V
У подъезда автомобиль свой уставил, электрический светильник в салоне возжег и некое малое время ожидался. И уловил грешную мысль, что радуюсь при зримом образе сей юницы, коя, улыбаясь девически, проворно дверь отомкнула и на сидение рядом со мною опустилась.
— Благословите, владыко! — почала и ладошки свои крестообразно для благословения сложила, глядючи на меня озорно и как бы с лукавствием. — Правильно я делаю? Отец секретарь Ваш мне показал!
Невольно тремя перстами сих ладошек невеликих коснулся и скорый поцелуй на длани своей от невиннаго создания запечатленным осязал.
— Когда бы ведали вы, Киро, убожество сего грешнаго человека во образе архиерейском, — так с утяжелением в духе от того поступка рек, — тогда бы моего благословения не испрашивали.
Во едино мгновение лукавствие ея серьезностию обратилось, взор превнимательный и сожалеющий на меня уставила:
— Говорите же!
Не в оный самый миг, но скрепя свой дух, почал изображать ей сокрушительную повесть недостоинств епархии нашей (имен печалующих отцев не называя), коей есмь грешнейший начальник. Ничесоже сокрыл, вплоть до тоего часу, когда отец Симеон мне немотствовать велел и грех церковнаго поругания возпретил. Паче всего отвержения ея опасался, когда меня остановит и ладонями своими малыми слух свой затворит, отцу секретарю уподобясь. Но не совершилось сего, и ни единым словом не был прерываем до самаго окончания чуднóй исповеди моей мирскому человеку.

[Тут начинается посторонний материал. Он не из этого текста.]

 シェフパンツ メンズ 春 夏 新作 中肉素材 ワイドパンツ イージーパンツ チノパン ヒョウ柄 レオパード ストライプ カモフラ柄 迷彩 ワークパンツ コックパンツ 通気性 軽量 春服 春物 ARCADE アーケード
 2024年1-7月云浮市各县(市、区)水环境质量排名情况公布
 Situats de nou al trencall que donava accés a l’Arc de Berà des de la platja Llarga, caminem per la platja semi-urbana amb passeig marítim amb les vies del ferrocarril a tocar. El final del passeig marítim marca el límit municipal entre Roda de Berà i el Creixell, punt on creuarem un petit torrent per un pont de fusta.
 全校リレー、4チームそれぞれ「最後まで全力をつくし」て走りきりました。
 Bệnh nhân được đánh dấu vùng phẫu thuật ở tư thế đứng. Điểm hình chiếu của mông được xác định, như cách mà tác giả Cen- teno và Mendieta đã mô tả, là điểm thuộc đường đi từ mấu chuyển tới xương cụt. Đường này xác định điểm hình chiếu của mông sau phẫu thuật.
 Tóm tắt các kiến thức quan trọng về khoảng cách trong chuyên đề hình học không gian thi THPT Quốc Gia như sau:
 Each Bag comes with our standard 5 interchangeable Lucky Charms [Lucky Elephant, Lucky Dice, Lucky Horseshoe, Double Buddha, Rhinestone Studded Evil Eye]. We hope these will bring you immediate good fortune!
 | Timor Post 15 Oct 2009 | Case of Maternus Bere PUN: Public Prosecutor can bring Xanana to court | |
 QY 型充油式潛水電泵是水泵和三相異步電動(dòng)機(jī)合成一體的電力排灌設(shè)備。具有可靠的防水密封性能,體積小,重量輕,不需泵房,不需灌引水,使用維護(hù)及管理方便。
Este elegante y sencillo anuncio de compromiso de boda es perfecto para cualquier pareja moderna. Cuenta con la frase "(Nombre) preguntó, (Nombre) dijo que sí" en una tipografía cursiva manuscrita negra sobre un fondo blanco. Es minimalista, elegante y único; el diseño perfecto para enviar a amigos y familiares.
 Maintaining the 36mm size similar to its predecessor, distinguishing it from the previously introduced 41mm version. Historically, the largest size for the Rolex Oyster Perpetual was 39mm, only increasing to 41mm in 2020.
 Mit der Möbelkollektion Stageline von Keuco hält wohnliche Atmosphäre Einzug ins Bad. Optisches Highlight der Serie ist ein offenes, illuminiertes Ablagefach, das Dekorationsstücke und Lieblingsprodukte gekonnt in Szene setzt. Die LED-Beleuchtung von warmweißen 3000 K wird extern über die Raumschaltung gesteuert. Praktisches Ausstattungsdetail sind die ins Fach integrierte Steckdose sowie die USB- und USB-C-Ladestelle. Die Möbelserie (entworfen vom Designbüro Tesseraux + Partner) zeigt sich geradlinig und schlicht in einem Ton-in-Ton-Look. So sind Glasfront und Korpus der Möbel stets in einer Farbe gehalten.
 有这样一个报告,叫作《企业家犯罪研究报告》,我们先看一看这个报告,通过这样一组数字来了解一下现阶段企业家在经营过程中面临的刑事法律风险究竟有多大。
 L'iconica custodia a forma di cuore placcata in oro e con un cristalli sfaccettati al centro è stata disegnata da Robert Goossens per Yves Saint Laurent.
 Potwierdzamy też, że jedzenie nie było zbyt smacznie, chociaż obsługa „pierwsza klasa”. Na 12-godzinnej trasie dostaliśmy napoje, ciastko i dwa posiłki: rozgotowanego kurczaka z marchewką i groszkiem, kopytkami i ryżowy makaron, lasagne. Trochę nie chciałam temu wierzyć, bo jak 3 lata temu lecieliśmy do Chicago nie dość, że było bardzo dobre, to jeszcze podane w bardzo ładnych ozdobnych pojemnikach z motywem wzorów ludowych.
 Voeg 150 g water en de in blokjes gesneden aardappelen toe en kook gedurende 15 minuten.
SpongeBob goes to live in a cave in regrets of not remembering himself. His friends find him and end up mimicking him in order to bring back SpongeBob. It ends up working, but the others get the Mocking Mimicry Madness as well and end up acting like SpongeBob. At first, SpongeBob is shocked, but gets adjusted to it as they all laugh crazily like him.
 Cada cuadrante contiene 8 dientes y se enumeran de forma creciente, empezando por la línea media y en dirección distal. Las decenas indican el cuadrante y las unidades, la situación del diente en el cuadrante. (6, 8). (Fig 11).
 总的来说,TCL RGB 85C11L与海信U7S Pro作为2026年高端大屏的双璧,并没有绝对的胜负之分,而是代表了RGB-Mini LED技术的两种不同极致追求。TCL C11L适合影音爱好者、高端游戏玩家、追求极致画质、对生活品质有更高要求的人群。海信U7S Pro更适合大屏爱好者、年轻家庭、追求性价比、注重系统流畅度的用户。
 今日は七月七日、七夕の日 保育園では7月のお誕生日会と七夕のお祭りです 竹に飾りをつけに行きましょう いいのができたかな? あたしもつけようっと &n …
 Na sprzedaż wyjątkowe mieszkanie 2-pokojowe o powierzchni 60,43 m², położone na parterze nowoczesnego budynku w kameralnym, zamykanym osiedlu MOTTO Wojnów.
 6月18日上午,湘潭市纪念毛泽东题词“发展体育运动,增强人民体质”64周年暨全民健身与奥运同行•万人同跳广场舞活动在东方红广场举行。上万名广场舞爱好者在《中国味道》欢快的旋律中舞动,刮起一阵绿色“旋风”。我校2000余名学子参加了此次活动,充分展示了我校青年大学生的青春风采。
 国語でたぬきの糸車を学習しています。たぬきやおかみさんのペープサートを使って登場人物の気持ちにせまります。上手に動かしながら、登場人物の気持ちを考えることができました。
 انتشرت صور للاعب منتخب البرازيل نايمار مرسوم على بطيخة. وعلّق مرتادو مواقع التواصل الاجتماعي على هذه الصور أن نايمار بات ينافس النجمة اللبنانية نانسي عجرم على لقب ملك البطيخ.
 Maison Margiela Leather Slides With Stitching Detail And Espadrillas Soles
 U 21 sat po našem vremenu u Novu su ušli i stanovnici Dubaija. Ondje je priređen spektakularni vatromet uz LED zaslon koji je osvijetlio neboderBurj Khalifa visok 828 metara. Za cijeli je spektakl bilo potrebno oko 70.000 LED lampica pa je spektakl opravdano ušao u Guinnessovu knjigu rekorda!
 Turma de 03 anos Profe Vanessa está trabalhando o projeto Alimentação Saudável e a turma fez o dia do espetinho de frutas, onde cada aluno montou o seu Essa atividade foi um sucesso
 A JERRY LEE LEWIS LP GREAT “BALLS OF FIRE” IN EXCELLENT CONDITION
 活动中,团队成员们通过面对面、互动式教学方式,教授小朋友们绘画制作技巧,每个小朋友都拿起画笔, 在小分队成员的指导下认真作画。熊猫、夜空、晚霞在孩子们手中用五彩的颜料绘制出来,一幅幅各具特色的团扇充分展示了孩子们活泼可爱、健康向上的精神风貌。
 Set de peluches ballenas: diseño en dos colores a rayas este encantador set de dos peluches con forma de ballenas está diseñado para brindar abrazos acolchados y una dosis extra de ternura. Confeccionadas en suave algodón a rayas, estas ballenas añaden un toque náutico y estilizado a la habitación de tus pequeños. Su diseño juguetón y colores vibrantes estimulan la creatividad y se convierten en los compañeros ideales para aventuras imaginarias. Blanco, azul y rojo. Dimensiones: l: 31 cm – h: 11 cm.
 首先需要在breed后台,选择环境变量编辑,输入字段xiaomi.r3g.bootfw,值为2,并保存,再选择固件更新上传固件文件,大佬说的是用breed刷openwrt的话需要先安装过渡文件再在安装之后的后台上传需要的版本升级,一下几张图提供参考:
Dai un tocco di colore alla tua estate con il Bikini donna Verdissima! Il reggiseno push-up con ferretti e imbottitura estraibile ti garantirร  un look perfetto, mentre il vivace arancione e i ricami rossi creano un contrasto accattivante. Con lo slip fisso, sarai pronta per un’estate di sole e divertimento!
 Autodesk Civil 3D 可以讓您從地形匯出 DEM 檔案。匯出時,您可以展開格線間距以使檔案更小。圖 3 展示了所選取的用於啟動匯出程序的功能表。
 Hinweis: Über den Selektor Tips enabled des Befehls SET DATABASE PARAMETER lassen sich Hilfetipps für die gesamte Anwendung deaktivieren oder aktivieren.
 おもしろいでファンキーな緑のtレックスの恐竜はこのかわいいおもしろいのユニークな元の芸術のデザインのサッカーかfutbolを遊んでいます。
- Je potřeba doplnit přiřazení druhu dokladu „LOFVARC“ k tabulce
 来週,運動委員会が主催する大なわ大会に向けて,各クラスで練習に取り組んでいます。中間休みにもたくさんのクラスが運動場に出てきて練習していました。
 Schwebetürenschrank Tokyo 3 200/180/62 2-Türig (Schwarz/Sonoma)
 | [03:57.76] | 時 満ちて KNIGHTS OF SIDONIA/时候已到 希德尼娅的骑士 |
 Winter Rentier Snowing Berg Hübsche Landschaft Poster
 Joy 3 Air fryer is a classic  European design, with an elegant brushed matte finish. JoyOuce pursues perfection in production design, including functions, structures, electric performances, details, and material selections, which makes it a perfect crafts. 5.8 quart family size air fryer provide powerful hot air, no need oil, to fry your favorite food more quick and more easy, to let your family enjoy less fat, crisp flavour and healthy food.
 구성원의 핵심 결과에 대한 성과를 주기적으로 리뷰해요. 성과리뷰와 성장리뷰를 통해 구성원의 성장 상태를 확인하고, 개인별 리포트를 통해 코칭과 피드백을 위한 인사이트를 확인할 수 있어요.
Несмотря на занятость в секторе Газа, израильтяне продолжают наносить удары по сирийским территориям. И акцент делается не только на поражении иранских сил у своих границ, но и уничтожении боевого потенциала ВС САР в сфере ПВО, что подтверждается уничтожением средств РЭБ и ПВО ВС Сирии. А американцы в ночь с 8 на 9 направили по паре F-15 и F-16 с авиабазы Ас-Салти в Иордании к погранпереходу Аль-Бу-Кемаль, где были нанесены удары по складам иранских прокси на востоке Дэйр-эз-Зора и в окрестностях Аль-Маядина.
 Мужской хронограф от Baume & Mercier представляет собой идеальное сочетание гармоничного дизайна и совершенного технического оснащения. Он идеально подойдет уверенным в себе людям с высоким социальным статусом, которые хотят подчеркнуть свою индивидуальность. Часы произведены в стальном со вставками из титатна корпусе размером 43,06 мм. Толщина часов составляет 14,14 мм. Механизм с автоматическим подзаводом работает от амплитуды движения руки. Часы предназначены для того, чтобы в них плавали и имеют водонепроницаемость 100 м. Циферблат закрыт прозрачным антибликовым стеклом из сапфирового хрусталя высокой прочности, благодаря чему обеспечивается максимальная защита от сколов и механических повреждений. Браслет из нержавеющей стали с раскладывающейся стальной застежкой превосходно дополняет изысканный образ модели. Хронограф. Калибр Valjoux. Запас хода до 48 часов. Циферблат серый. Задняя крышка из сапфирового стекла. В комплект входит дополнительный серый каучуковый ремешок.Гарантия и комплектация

Завершил, и ино время безмолствовали.
— Больше всего меня поражает, — тако почала, — что это все Вы м-н-е, м-н-е рассказываете, все эти... ужасы эти. Кто В-ы, ваше преосвященство, и кто я, девчонка? Значит, правда Вам больше некому рассказать, если уж даже мне... Господи! — тое слово у нее как из сердца изошло. — Как же мне жалко-то Вас! — и лик свой изографический в дланях сокрыла.
Паки безмолвствовали. Отворив же лице, продолжила:
— Только, ради Бога, не подумайте обо мне плохо, не подумайте, пожалуйста! Что Вы о... слабостях Ваших мне рассказали, то кому Вас судить? Не мне. Мне Вас не судить. Мне уважать Вас. Господи, знали бы Вы, как я Вас уважаю, владыко! — и взор свой на меня воздвигла. — Вы вот себя вините, а посмотрите, посмотрите на мужиков Вашего возраста! Они водку пьют и карьеру делают, хвастаются машинами, а у Вас машина, на какой мой дедушка ездил, вот как Вам это важно, нистолечки ни важно, и ни детей у Вас, ни семьи, никого, Вы себя отдали всего, всего делу такому, что я, дурочка, даже осознать не могу его! Господи, какая я, правда, была наивная дурочка! Мне казалось, что очень это все у вас красиво, и торжественно, и как будто сказка в роскошных костюмах, и Вы — главный сказочный персонаж, такой вот царь Салтан, а сейчас — Боже мой, Боже, тяжесть-то какая! Ведь это как... целый дом держать на плечах! И как мне не уважать Вас! Неужели Вы думаете, что я это все говорю, чтобы к Вам подольститься! Да мне все равно, позволите Вы себя снять или нет, мне вот наплевать на это, честное слово! Чтó Вы там себе придумали? Что я Вас послушаю и разочаруюсь? Да Вы, владыко, Вы... Все! — в дыхании зашедшись, тако сама себя прервала. — Не хочу говорить! Иначе грубость скажу. Будем снимать репортаж о Вас. Только отвечайте: Вы ведь перед камерой таких ужасов не расскажете?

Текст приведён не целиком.